Die satzungsmäßige Vermögensbindung ist gegeben, wenn in der Satzung entweder der steuerbegünstigte Verwendungszweck genau bestimmt wird oder eine andere steuerbegünstigte Körperschaft oder juristische Person des öffentlichen Rechts hinreichend benannt wird, der das Vermögen nach Auflösung oder Aufhebung der Körperschaft oder bei Wegfall ihres bisherigen Zwecks für steuerbegünstigte Zwecke übertragen werden soll.

Gemeinnützigkeit – und die satzungsmäßige Vermögensbindung

In dem hier vom Bundesfinanzhof entschiedenen Fall beschlossen die Gesellschafter der klagenden GmbH am 13.10.2016 einen geänderten und im Handelsregister im Jahr 2017 eingetragenen Gesellschaftsvertrag, wonach die GmbH erstmalig gemeinnützige Zwecke nach den §§ 51 bis 68 AO verfolgen sollte. Für den Fall der Auflösung oder Aufhebung der Gesellschaft oder bei Wegfall des steuerbegünstigten Zwecks sah der Gesellschaftsvertrag der GmbH vor, dass das Vermögen der Körperschaft, soweit es die eingezahlten Kapitalanteile der Gesellschafter und den gemeinen Wert der von den Gesellschaftern geleisteten Sacheinlagen übersteigt, an eine juristische Person des öffentlichen Rechts oder an eine andere steuerbegünstigte Körperschaft fällt, die es unmittelbar und ausschließlich für gemeinnützige und mildtätige Zwecke zu verwenden habe (§ 5 Abs. 2 des Gesellschaftsvertrages).

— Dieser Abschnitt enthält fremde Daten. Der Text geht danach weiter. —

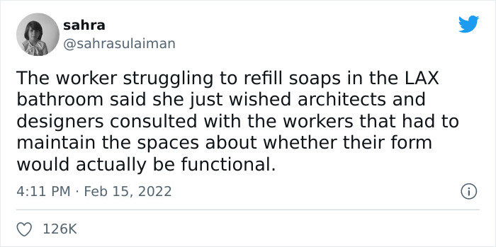 Recently, Sahra Sulaiman, the communities editor for Streetsblog L.A., shared an illuminating thread about soap dispensers in LAX bathrooms. “The worker struggling to refill soaps in the LAX bathroom said she just wished architects and designers consulted with the workers that had to maintain the spaces about whether their form would actually be functional,” she wrote in a tweet amassing 126k likes.

Das Finanzamt lehnte die von der GmbH beantragte gesonderte Feststellung der Einhaltung der satzungsmäßigen Voraussetzungen nach § 60a Abs. 1 AO mit Bescheid ab, da der Gesellschaftsvertrag der GmbH in der Fassung vom 13.10.2016 die satzungsmäßigen Voraussetzungen nach den §§ 51, 59, 60 und 61 AO nicht erfülle. Weder der angegebene Unternehmens-/Satzungszweck der GmbH noch die satzungsmäßige Vermögensbindung nach § 61 Abs. 1 AO, für die eine namentliche Bezeichnung der Empfängerkörperschaft oder eine genaue Bestimmung eines gemeinnützigen Zwecks, zu dem die Empfängerkörperschaft das übernommene Vermögen einzusetzen habe, erforderlich sei, entsprächen der Mustersatzung (Anlage 1 zu § 60 AO) oder seien hinreichend bestimmt.

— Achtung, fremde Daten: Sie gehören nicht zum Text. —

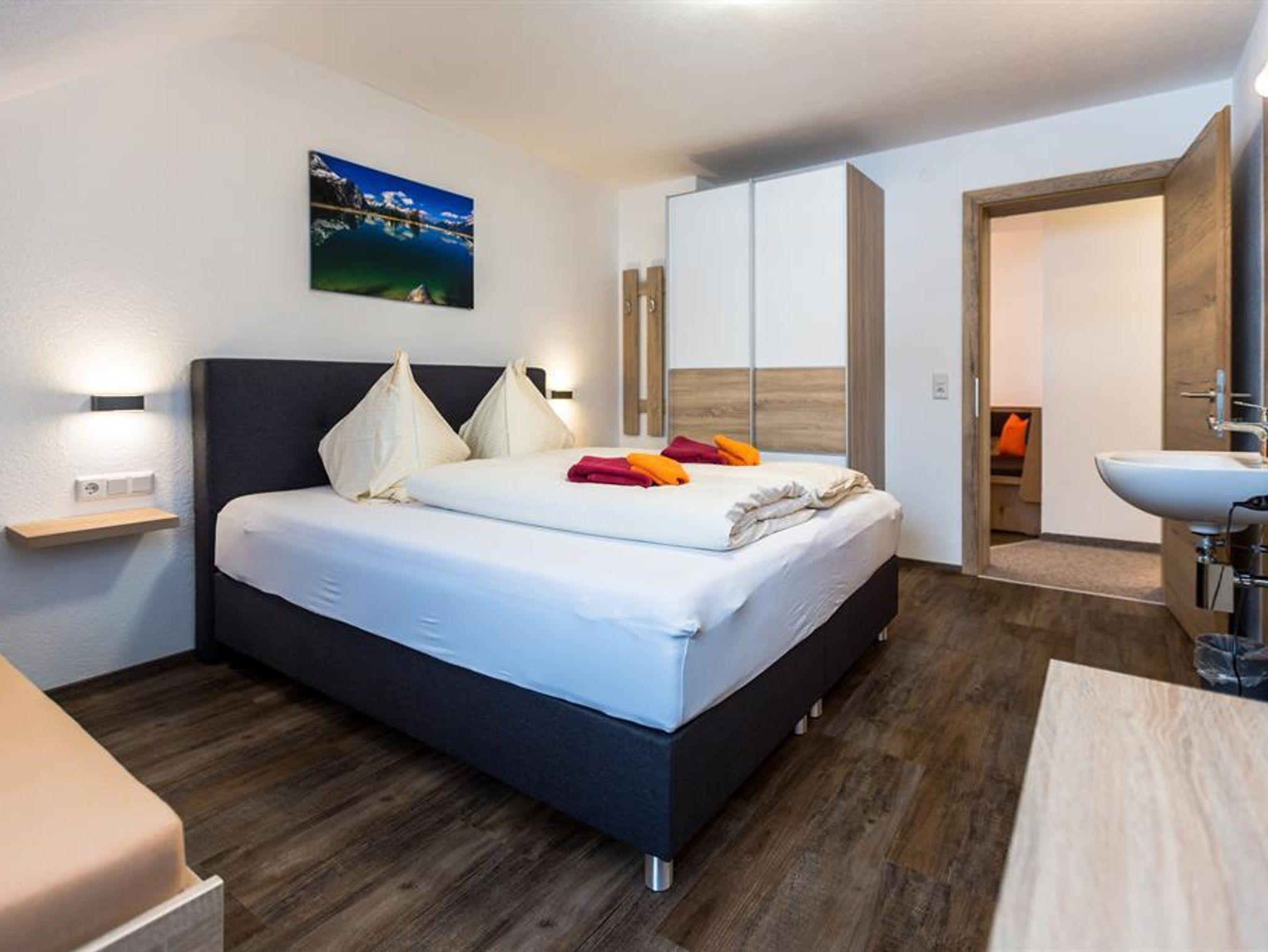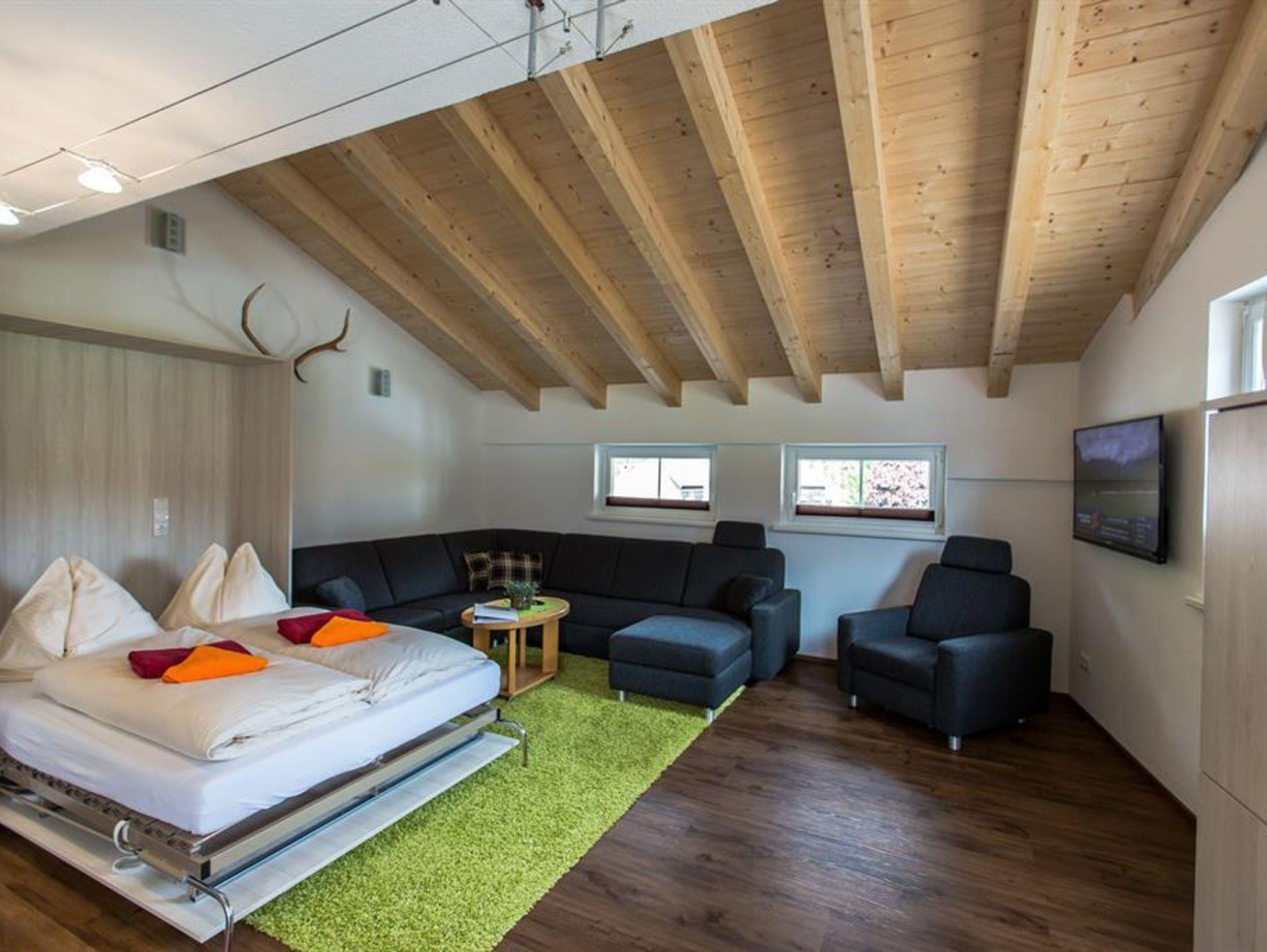 Neu eingerichtete Ferienwohnung Wetterstein mit 31m2 Separates Schlafzimmer mit Doppelbett (Bettwäsche vorhanden), Flat-TV Wohn-Küche mit gemütlicher Schlafcouch und Flat-TV. Die Küche ist komplett eingerichtete Küche mit Elektroherd inkl. Backrohr, Kaffeemaschine (Tassimo), Mikrowelle, Toaster, Tisch- und Kochgeschirr DU/WC bei Schlafzimmer (Frotteewäsche vorhanden) Internet via W-LAN

Die hiergegen nach erfolglosem außergerichtlichen Rechtsbehelfsverfahren erhobene Klage wies das Niedersächsische Finanzgericht ab1. Und die hiergegen gerichtete Revision der GmbH hat der Bundesfinanzhof nun ebenfalls zurückgewiesen:

Das Finanzgericht hat zutreffend entschieden, dass die Ablehnung der gesonderten Feststellung der satzungsmäßigen Voraussetzungen nach § 60a Abs. 1 Satz 1 AO rechtmäßig ist, da der Gesellschaftsvertrag der GmbH nicht den Anforderungen an die satzungsmäßige Vermögensbindung genügt (§ 61 Abs. 1 i.V.m. § 55 Abs. 1 Nr. 4 AO). Die satzungsmäßige Vermögensbindung ist gegeben, wenn in der Satzung entweder der steuerbegünstigte Verwendungszweck genau bestimmt wird oder eine andere steuerbegünstigte Körperschaft oder juristische Person des öffentlichen Rechts hinreichend benannt wird, der das Vermögen nach Auflösung oder Aufhebung der Körperschaft oder bei Wegfall ihres bisherigen Zwecks für steuerbegünstigte Zwecke übertragen werden soll.

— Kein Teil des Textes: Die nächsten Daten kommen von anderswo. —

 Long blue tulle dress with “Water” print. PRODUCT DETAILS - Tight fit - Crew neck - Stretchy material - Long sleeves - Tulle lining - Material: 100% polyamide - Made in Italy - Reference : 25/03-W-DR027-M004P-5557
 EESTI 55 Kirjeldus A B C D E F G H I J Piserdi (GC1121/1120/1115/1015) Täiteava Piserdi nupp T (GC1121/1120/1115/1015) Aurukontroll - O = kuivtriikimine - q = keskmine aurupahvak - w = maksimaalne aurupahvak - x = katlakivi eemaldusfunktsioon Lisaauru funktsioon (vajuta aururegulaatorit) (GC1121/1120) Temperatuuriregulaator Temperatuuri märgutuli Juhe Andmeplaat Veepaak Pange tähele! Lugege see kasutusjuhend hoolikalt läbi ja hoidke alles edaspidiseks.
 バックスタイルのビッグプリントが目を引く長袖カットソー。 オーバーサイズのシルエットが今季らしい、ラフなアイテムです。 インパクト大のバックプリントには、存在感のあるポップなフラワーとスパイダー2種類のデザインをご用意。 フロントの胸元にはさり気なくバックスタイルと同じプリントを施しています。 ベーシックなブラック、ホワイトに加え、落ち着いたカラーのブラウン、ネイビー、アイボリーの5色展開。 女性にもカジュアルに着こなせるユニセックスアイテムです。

Nach § 61 Abs. 1 AO liegt eine steuerlich ausreichende Vermögensbindung im Sinne des § 55 Abs. 1 Nr. 4 AO vor, wenn der Zweck, für den das Vermögen bei Auflösung oder Aufhebung der Körperschaft oder bei Wegfall ihres bisherigen Zwecks verwendet werden soll, in der Satzung so genau bestimmt ist, dass aufgrund der Satzung geprüft werden kann, ob der Verwendungszweck steuerbegünstigt ist (satzungsmäßige Vermögensbindung). Danach muss sich aus der Satzung ergeben, ob die Voraussetzungen des § 55 Abs. 1 Nr. 4 AO vorliegen. Nach dem sich aus dieser Vorschrift ergebenden Grundsatz der Vermögensbindung darf bei Auflösung oder Aufhebung der Körperschaft oder bei Wegfall ihres bisherigen Zwecks das Vermögen der Körperschaft, soweit es die eingezahlten Kapitalanteile der Mitglieder und den gemeinen Wert der von den Mitgliedern geleisteten Sacheinlagen übersteigt, nur für steuerbegünstigte Zwecke verwendet werden (§ 55 Abs. 1 Nr. 4 Satz 1 AO). Ausreichend ist auch, dass das Vermögen einer anderen steuerbegünstigten Körperschaft oder einer Körperschaft des öffentlichen Rechts für steuerbegünstigte Zwecke übertragen werden soll (§ 55 Abs. 1 Nr. 4 Satz 2 AO).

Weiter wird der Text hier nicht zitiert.